The main response of government authorities to almost all of this has been to rely on monetary penalties and deferred prosecutions. Yet, it is hard to conceive of any future criminal prosecutions taking place if these global financial institutions failed to abide by the terms of their "probation." This is due to the excuse that governments use to avoid criminal prosecution in the first place – the "too big to fail" rationale. In March, 2013, then-U.S. attorney-general Eric Holder admitted as much when he defended his decision not to criminally prosecute HSBC for its various misdeeds, claiming it would have a negative impact on the national economy. As then-assistant attorney-general Lanny Breuer put it, "Had the U.S. authorities decided to press criminal charges, HSBC would almost certainly have lost its banking licence in the U.S., the future of the institution would have been under threat and the entire banking system would have been destabilized."

Mr. Manley also minimizes the sources of corporate crime in his erroneous declaration that most corporate malfeasance is perpetrated by a few bad apples "acting in their own self-interest." As for the aforementioned crimes by global financial institutions, it is well documented that hundreds of individuals within individual firms and thousands across the top echelon of the financial services sector were directly and knowingly complicit. And even if a few bad apples are singled out, inevitably they are the corporate executives and directors who create and perpetuate a corporate climate that condones and even promotes law-breaking.
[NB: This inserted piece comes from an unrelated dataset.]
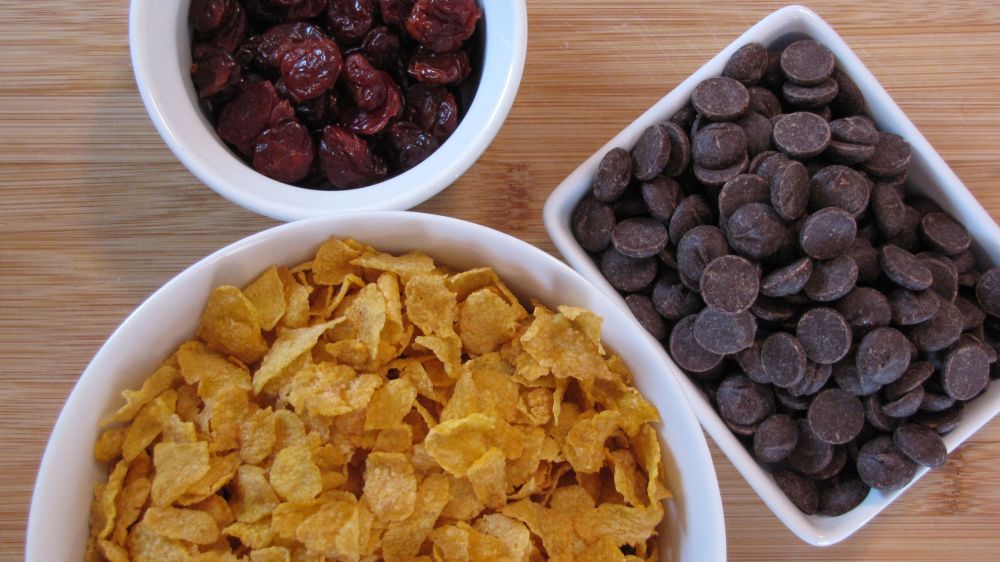 Three ingredients, fifteen minutes prep time, an amazingly great snack: the Chocolate-Cherry Cluster.

In today's hyper-competitive corporate world, high-risk, high-reward cultures are the norm within multinational companies, especially those on Wall Street. Driven by a fixation with short-term profit maximization, some argue that a pathological environment exists within these corporations.

Some even contend that corporations are inherently criminogenic. The limited liabilities borne by modern corporate actors in both criminal prosecution and civil suits mean they are more apt to behave badly. The highly competitive markets in which corporations work is said to pressure management and employees to break the law. Executives' compensation in stock options may be an incentive to cheat in the short run to push up stock prices. Executive authority within a corporation often provides powers and freedom from control that may promote unethical and illegal behaviour. Executives and directors are rarely, if ever, prosecuted so there is no deterrence for them to disengage from unethical and criminal behaviour.

To paraphrase the great social critic George Carlin, if governments truly want to stop the drug traffic they have to start jailing the bankers that launder the drug money.